Task prompt | From the line containing "- Peach Blue Razz Ice STLTH Vision Disposable Vape --- Peach" to the last line of the data, both included, transcribe each line exactly, leaving out pictures and adding nothing.

Supplied material |
┏━━
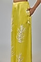 Featuring lemon yellow trousers in blended satin base with sequins embroidery. Accentuate it with a kaftan, dangler earrings and mules for festive gatherings or haldi ceremony.
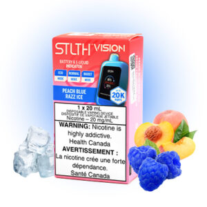 - Peach Blue Razz Ice STLTH Vision Disposable Vape --- Peach Blue Razz Ice STLTH Vision Disposable Vape Peach Blue Razz Ice combines the juicy sweetness of ripe peaches with the tangy, vibrant notes of blue raspberry; all topped off with an excellent menthol finish.
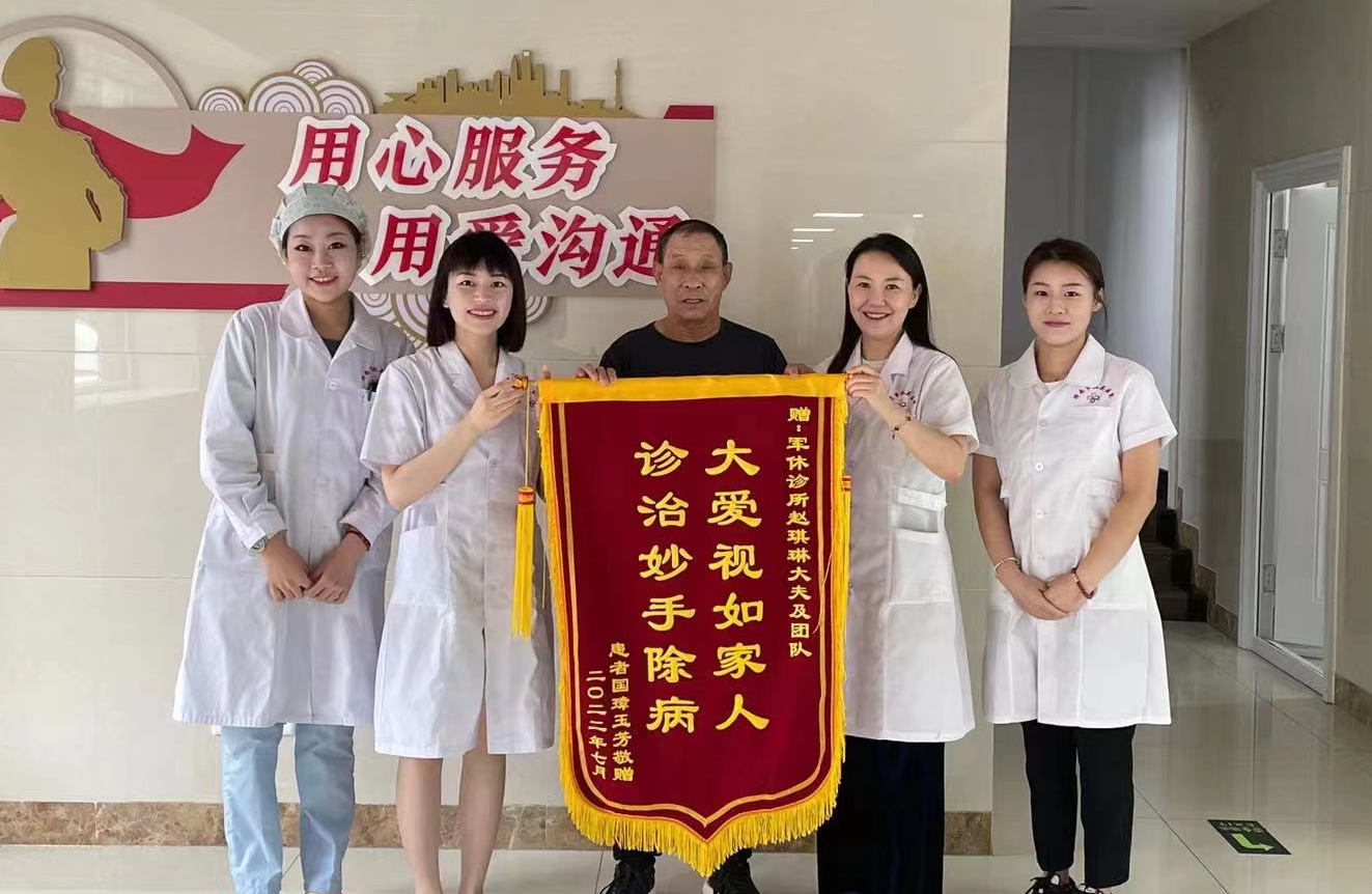 军休门诊中医科赵琪琳大夫及其团队收到了患者蒋先生送来的一面锦旗,上书“大爱视如家人 诊治妙手除病”,以此来感谢赵琪琳大夫及其团队在他患病期间的精心治疗和健康指导,表达了对全体军休门诊医护人员的感激之情。
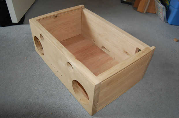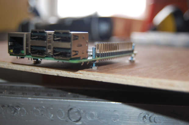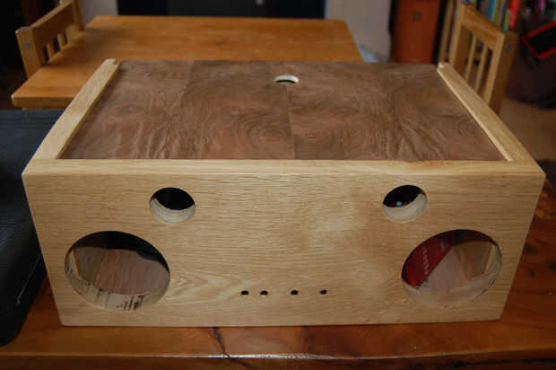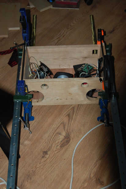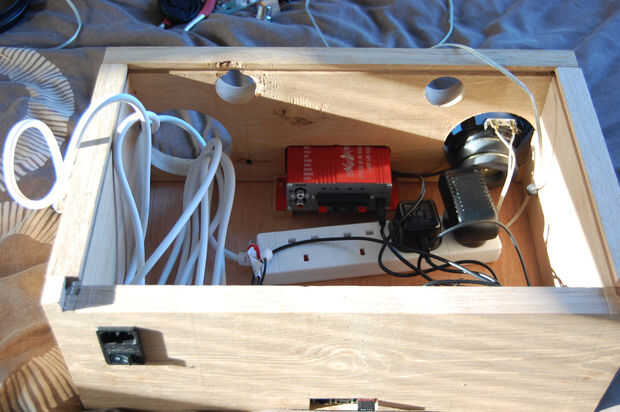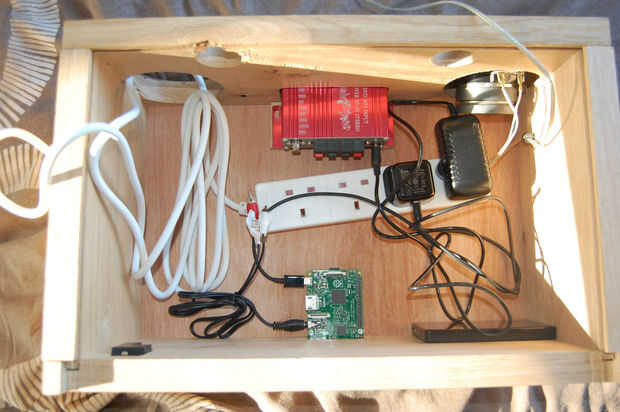 Yo entonces seco mi caja para asegurarse de que es ir todos a trabajar OK y antes de ponerlo a establecido donde necesitaba para perforar los agujeros para la frambuesa pi. También he añadido un par de trocitos de madera para subir el amplificador al nivel correcto y que podría fijarlo con tornillos.
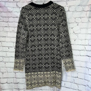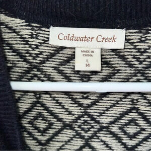Coldwater Creek Open Front Wool Blend Black Beige Geometric Long Sweater Large
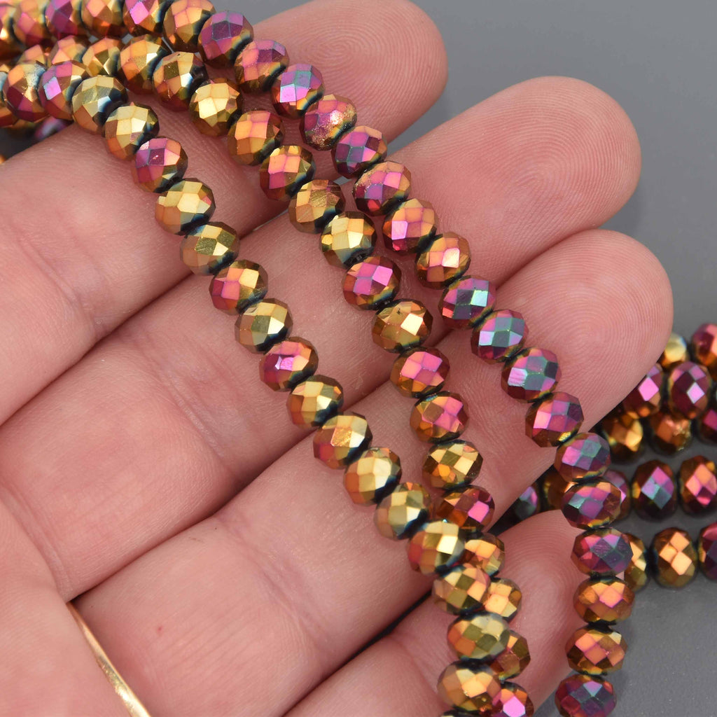 Rondelle beads are 6 x 4mm, vibrant color, beautifully faceted to catch the light and sparkle!
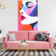 A striking pop art portrait of a woman, featuring bold colours and dynamic compositions. Perfect for modern wall decor.
┗━━
Answer section |
 - Peach Blue Razz Ice STLTH Vision Disposable Vape --- Peach Blue Razz Ice STLTH Vision Disposable Vape Peach Blue Razz Ice combines the juicy sweetness of ripe peaches with the tangy, vibrant notes of blue raspberry; all topped off with an excellent menthol finish.
 军休门诊中医科赵琪琳大夫及其团队收到了患者蒋先生送来的一面锦旗,上书“大爱视如家人 诊治妙手除病”,以此来感谢赵琪琳大夫及其团队在他患病期间的精心治疗和健康指导,表达了对全体军休门诊医护人员的感激之情。
 Yo entonces seco mi caja para asegurarse de que es ir todos a trabajar OK y antes de ponerlo a establecido donde necesitaba para perforar los agujeros para la frambuesa pi. También he añadido un par de trocitos de madera para subir el amplificador al nivel correcto y que podría fijarlo con tornillos.
Coldwater Creek Open Front Wool Blend Black Beige Geometric Long Sweater Large
 Rondelle beads are 6 x 4mm, vibrant color, beautifully faceted to catch the light and sparkle!
 A striking pop art portrait of a woman, featuring bold colours and dynamic compositions. Perfect for modern wall decor.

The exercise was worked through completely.